DAB Digital Audio Broadcasting, DAB, reduces the effects of interference because it utilises digital technology. An analogue radio station needs to be inputted by turning a dial to the relevant frequency. This can be tricky to select the exact frequency you need. With DAB you set a name to your favourite radio station instead of remembering its frequency and it will always play that station. At the moment DAB is not as pure sounding as analogue FM radio but improvements are being made and soon DAB sound quality will exceed FM.

Questions 1.Name three obstacles that can cause ghosting. 2.You are watching television and you notice that you can see two images – one of them is faint and is shifted to the right. What is this called and what has caused it? 3.Heart FM transmits at 107 MHz. Its signal is not reflected back to the Earth.
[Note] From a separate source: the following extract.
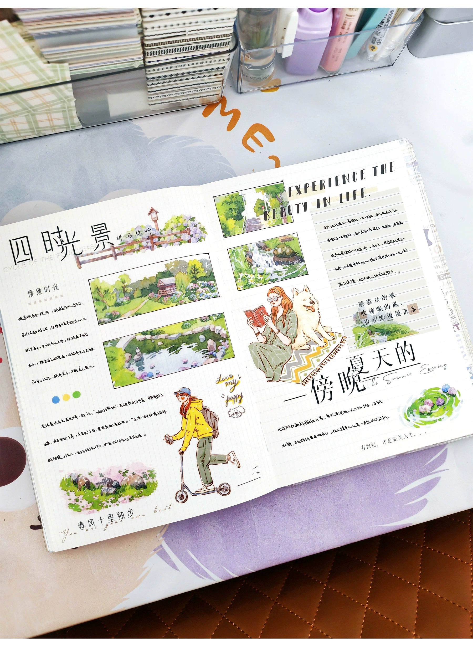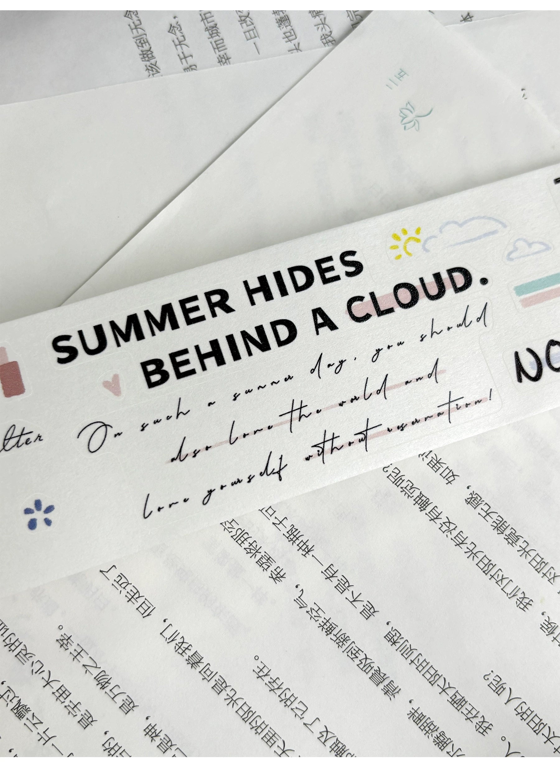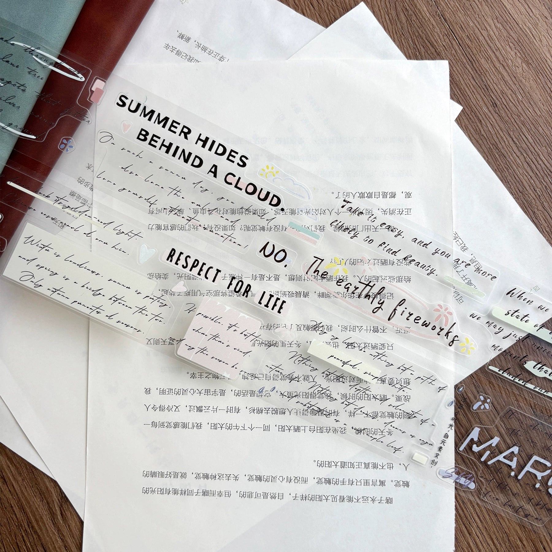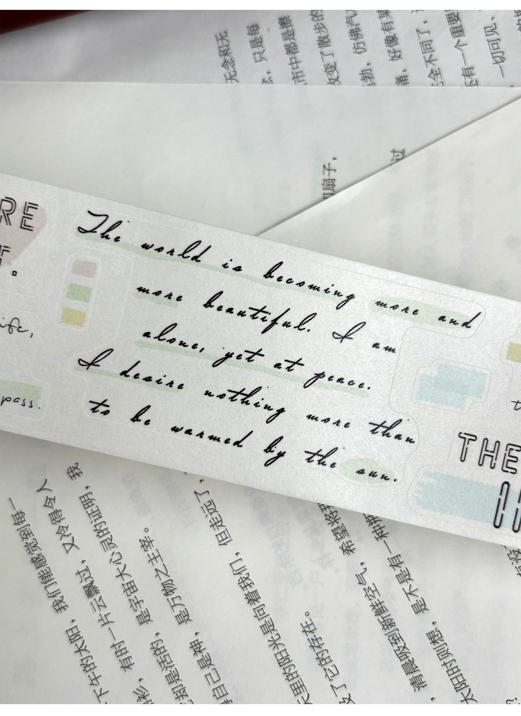 ZiYuanSu【Light Blue and Little Time】Background Text Pre-cut Washi/PET Tape,for Scrapbook Supplies,Scrapbook Tape Stickers,Junk Journal Supplies

Why not? How could you ensure you could receive its signal? 4.On the South coast of England sometimes you can hear French radio broadcasts. Describe why.

Questions 1.Name three obstacles that can cause ghosting. Tall buildings, tall trees, hills, mountains or poor weather conditions. 2.You are watching television and you notice that you can see two images – one of them is faint and is shifted to the right. What is this called and what has caused it? Ghosting. Caused when a reflected signal reaches the receiver after the line of sight signal does. 3.Heart FM transmits at 107 MHz. Its signal is not reflected back to the Earth. Why not? How could you ensure you could receive its signal? 107 MHz is too high a frequency to be refracted and reflected back to Earth. It refracts through the upper atmosphere and into space. To receive this signal you need to be closer to the radio transmitter or be in its line of sight. 4.On the South coast of England sometimes you can hear French radio broadcasts. Describe why. At lower frequencies radio signals are refracted by the upper atmosphere and are reflected back to Earth, particularly when weather conditions are poor e.g. cloudy or foggy. These signals can travel vast distances so could refract enough to reach the receivers on the south coast if weather conditions are right to do so.